Thanks to all Ziyi’s blog’s new followers. I just got reminded to do this more regularly when I saw the new emails saying there were more of you out there. So seems I have some people reading this and so I’ll continue writing. It’s a new thing I’m doing where I don’t necessarily have structure and don’t particularly edit but just write off the fly.
So what’s new? Finished the Grisham Racketeer as I said last post and went on to Miller’s collection of short stories. Didn’t get too far this weekend as I wanted some time off for some personal drama. So I went to my sister’s house and caught up on the last 3 episodes of the Walking Dead on Fox. Absolutely brilliant show by the way. I’ve read the comic books and they are now up to book 19, I think.
Anyway, I’ve ordered it from the library and they’ll send it as soon as they get it, I’m told. Ah, penny saver I hear you say, why don’t you buy the book instead of lend it from the library? You see I prefer collecting the volume collection where they group a couple of the books into one omnibus super-book. For me that’s the way to go to save on some money.
Truth be told though I hardly spend any money on comic books. I prefer buying actual novels instead. It’s a personal thing, mainly because comics are a bit of a hit and miss thing for me. When they’re good they can be masterpieces, but when they are bad – boy run for cover ‘cos the stench is overwhelming.
Now again this is just a personal observation, from a very personal perspective – mean it isn’t like I actually work in the comics industry so my opinions aren’t exactly informed, just somewhat passionate – now, as I say, I’ve observed for a while now that comics don’t always provoke the same scrutiny in the quality of their writing.

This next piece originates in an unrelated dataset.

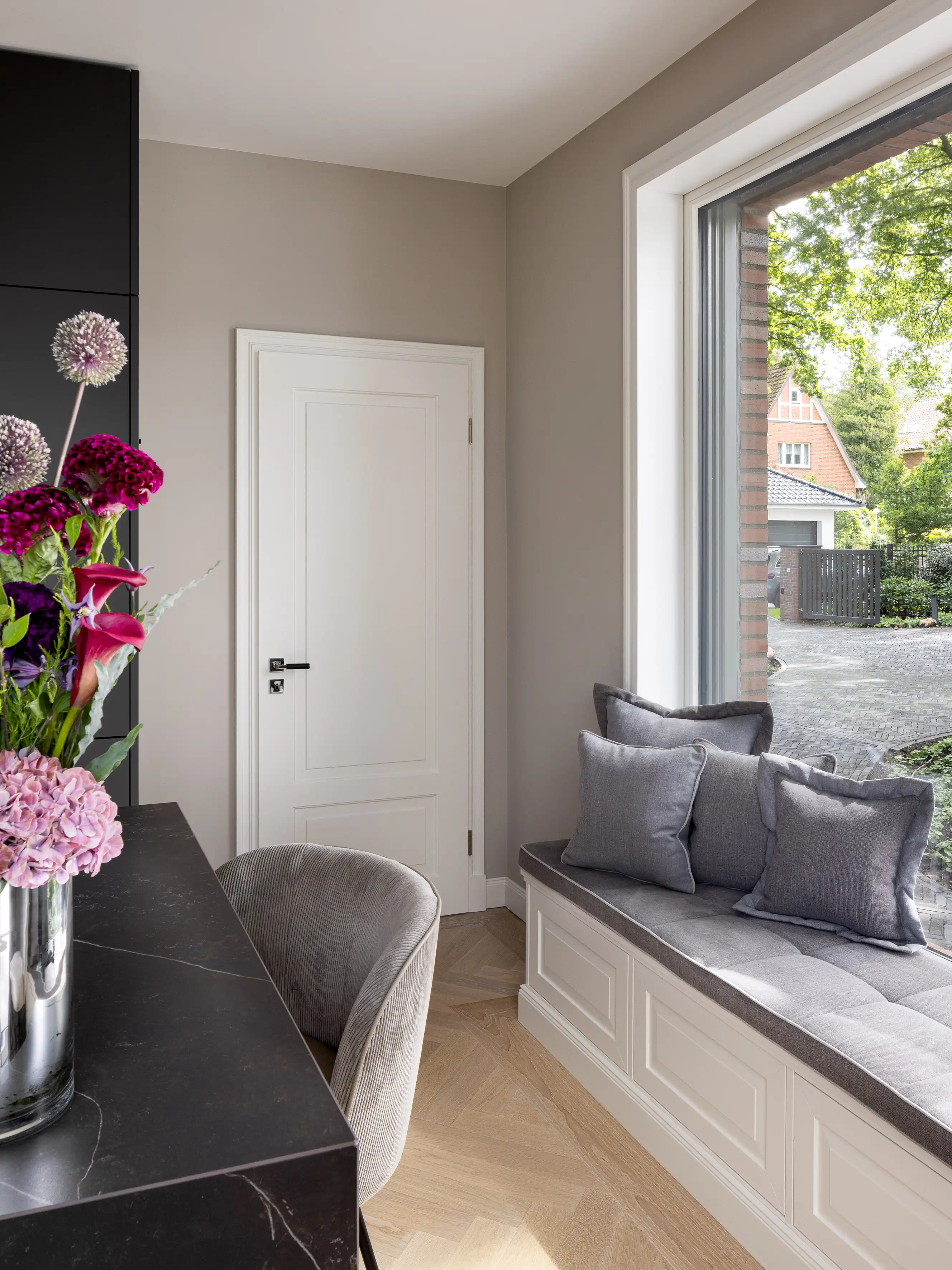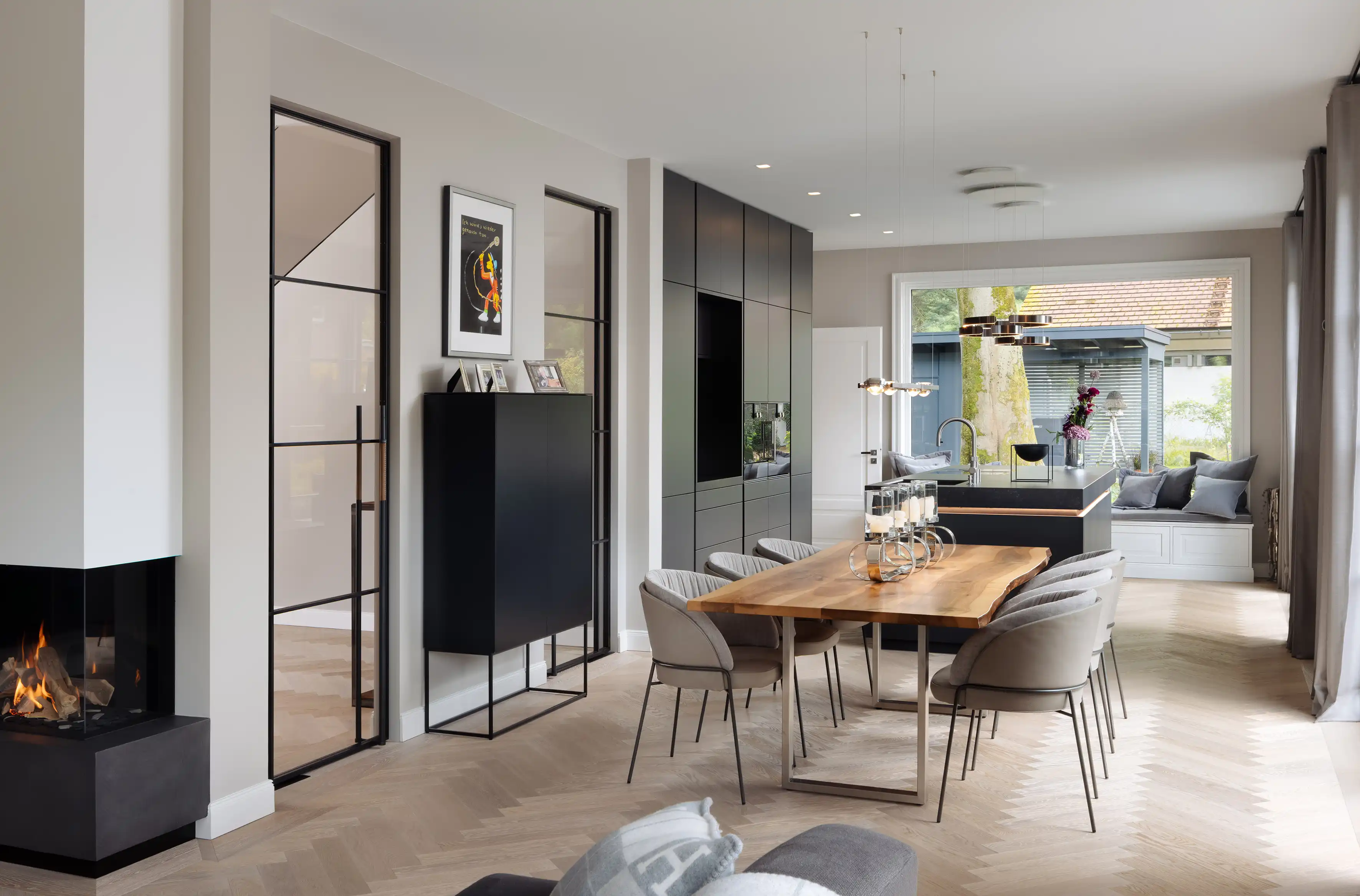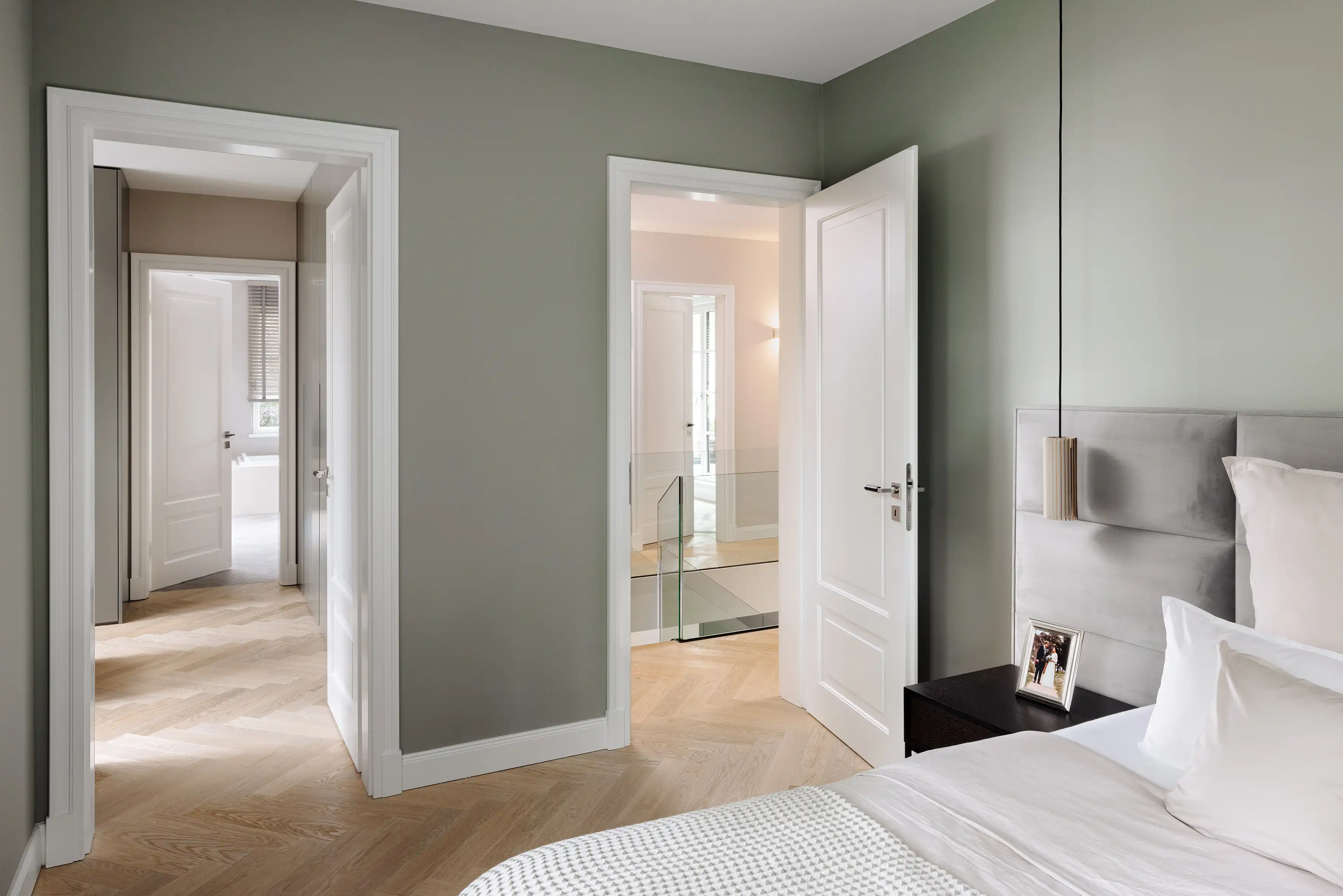 Dieses beeindruckende Privathaus, eingebettet in ein weitläufiges Grundstück, wurde von Grund auf saniert und mit viel Gespür für hochwertige Inneneinrichtung neu gestaltet. Die großzügigen Raumaufteilungen spielen gekonnt mit Licht und Weite. Entstanden ist ein luftiges, helles Ambiente, das unsere Denkmalschutz- und Villentüren mit einer beeindruckenden Höhe von 2,90 m perfekt ergänzen. Sehr schön zu sehen sind hier die gestalterischen Möglichkeiten, die die unterschiedlichen Modellvarianten von doppelflügliger Tür vs. einflüglig über geschlossen vs. mit Lichtausschnitten bis hin zur Schiebetür mit sich bringen.

I can just hear the die-hards yelling, “how dare you?” But really I’ve seen some clunkers.
What’s further depressing is witnessing a series that starts off well and then degenerates into the same obvious and predictable bull it seemed initially intent on avoiding. The ex-machina series is one example; another is Y the last man. And there are others, loads of them.
The Walking Dead is one book I hope will not fall into this category of good starters that finish terribly. It’s one story that has you turning frantically on to the next page because the tension is always ratcheted up to insane levels. This tension is mostly achieved because the writers get you to like characters they don’t mind killing afterwards.
Now while I think this works one or two times, I also feel that it can be emotionally draining if you, as the reader, are made to constantly have to go through an emotional roller coaster. Just like in real life, in the absence of a context, you begin to feel like what’s the point? Why should I emotionally invest in a character and just have the same character killed a few pages from now.
Maybe that’s the point with the Walking Dead – that in this post-apocalyptic world people have stopped being people, stopped investing in each other; because death is just around the corner for everyone why care for people when inevitably they’ll die? And while this may be a true, even realistic portrait of what could happen in real life, I think that ultimately people need that option of faith – that miracles do happen, that not only can, but we should fight for the future, and that people can survive against the harshest odds.
Stories these days tend to have darker perspectives to appeal to audiences expecting darker stories. While there may some new things to explore deep down we’re all still anxious for a purposeful ending (if not all the time happy). I mean even in the Nazi death camps there were reports that Allied forces who liberated some camps were amazed to see some of the women still care about their appearances enough to bite their lips to draw enough blood to paint their pouts red. This sounds amazing: that you lived through hell and still feel anxious as to how other people see you.
Anyway, in the end I hope the Walking Dead won’t go the way of stories like the ending of Mass Effect 3. New age philosophy or no people need something to hope for – books don’t always have to have happy endings, but they can still inspire – something to hold on to to say it’s OK to want to go on. Me, it has always been spirituality, the knowledge and love of God that keeps me and I find a way of conveying it in my stories. I mean who knows who may be reading, who may need a pick me up for Monday morning.
Well if you’re reading this and have got this far there is always hope. There’s always good and stories like the Walking Dead series, which explore human behaviour, can only benefit from acknowledging this.